With unsupervised learning, we give data to the machine learning model that is unlabeled and unstructured. The computer then identifies clusters of similar data or patterns in the data. The computer might not find the same patterns or clusters that we expected, as it learns to recognize the clusters and patterns on its own. In many cases, being unrestricted by our preconceived notions can reveal unexpected results and opportunities.
Reinforcement learning teaches a machine to act in a semi-supervised approach. The machines are rewarded for correct answers, and the machine wants to be rewarded as much as possible. Reinforcement learning is an efficient way to train a machine to learn a complicated task, such as playing video games or teaching a legged robot to walk.
The machine is motivated to be rewarded, but the machine doesn’t share the operator’s goals. So if the machine can find a way to “game the system” and get more reward at the cost of accuracy, it will greedily do so. Just as machines can find patterns that humans miss in unsupervised learning, machines can also find missed patterns in reinforcement learning, and exploit those invisible patterns to receive additional reinforcement. This is why your experiment needs to be airtight to minimize exploitation by the machines.
For example, an AI twitterbot that was trained with reinforcement learning was rewarded for maximizing engagement. The twitterbot learned that engagement was extremely high when it posted about Hitler.
This machine behavior isn’t always a problem – for example reinforcement learning helps machines find bugs in video games that can be exploited if they aren’t resolved.
Machine Learning implies that you have data to learn from. The quality and quantity of your training data has a lot to do with how well your algorithm can perform. A training dataset typically consists of samples, or observations. Each training sample can be an image, audio clip, text snippet, sequence of historical records, or any other type of structured data. Depending on which machine learning approach you take, each sample may also include annotations (correct outputs / solutions) that are used to teach the model and verify the results. Training datasets are commonly split into groups where the model only trains on a sub-set of all available data. This allows a portion of the dataset to be used for validation of the model, to ensure that the model has generalized enough data to perform well on data it has not seen before.
Regardless of which training approach you take, your model can be prone to bias which may be inadvertently introduced through unbalanced training data, or selection of the wrong inputs. One example is an AI criminal risk assessment tool used by courts to evaluate how likely a defendant is to reoffend based on their profile as input. Because the model was trained on historical data, which included years of disproportionate targeting by law enforcement of low-income and minority groups, the resulting model produced higher risk scores for low-income and minority individuals. It is important to remember that most machine learning models pick up on statistical correlations, and not necessarily causations.
Therefore, it is highly desirable to have a large and balanced training dataset for your algorithm, which is not always readily available or easy to obtain. This is a task which may initially be overlooked by businesses excited to apply machine learning to their use cases. Dataset acquisition is as important as the model architecture itself.

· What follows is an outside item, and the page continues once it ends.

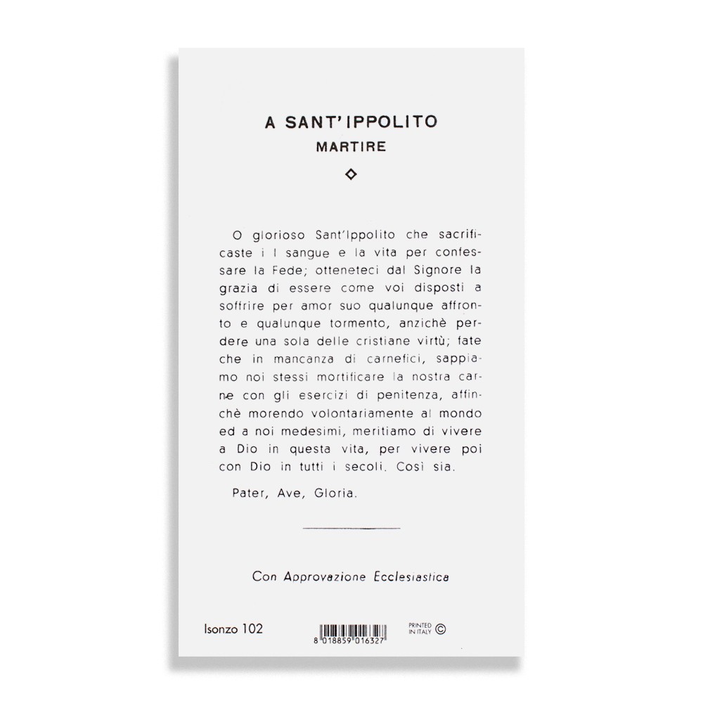 Santini con immagine e preghiera a Sant'Ippolito Martire.

One way to ensure that the training dataset is balanced is through Design of Experiments (DOE) approach, where controlled experiments are planned and analyzed to evaluate the factors which control the value of an output parameter or group of parameters. DOE allows for multiple input factors to be manipulated, determining their effect on the model’s response. Thus, giving us the ability to exclude certain inputs which may lead to biased results, as well as gain a better understanding of the complex interactions that occur inside the model.
Here are three examples of how training data is collected, and in some cases generated:
- Human Labeled Data:
What we refer to human labeled data is anything that has been annotated by a living human, either through crowdsourcing or by querying a database and organizing the dataset. An example of this could be annotating facial landmarks around the eyes, nose, and mouth. These annotations are pretty good, but in certain instances can be imprecise. For example, the definition of “the tip of the nose” can be interpreted differently by different humans who are tasked with labeling the dataset. Even simple tasks, like drawing a bounding box around apples in photos can have “noise” because the bounding box may have more or less padding, may be slightly off center, and so on.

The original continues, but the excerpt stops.